Just 8% of mortgage holders in the Los Angeles metro area, and 17% of those in the Inland Empire, owed more on their homes than the homes were worth in the first quarter, according to figures from Irvine-based data firm CoreLogic.

Both figures are an improvement from the fourth quarter of 2013 and sit at their lowest levels since CoreLogic started tracking underwater borrowers during the housing crash in 2009. Nationwide, 12.7% of home mortgages are underwater.

The surge in home prices, coupled with stricter lending standards and higher down-payment requirements, contributed to the improvement. That's good news for homeowners and lenders since it dramatically reduces the likelihood of foreclosures.
It may also be good for the housing recovery, some experts say, because homeowners who have equity in their houses have a greater ability to sell and move to something bigger. These so-called "move-up" buyers have been a missing ingredient in the recovery, damping home sales in the middle tiers of the market. And the lack of their houses on the market is making it harder for first-time buyers to find a place.

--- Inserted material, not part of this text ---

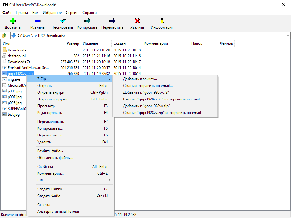 Пункты контекстного меню 7-zip

But Sam Khater, deputy chief economist for CoreLogic, said he doesn't quite see the housing market returning to full speed despite the improving equity picture. While more homeowners may have their heads above water these days, too many are still just barely atop the surface.

"Many borrowers still lack sufficient equity to move and purchase a home," he said. "One in five borrowers have less than 10% equity in their property, which is not enough to cover the down payment and additional costs associated with a conventional mortgage."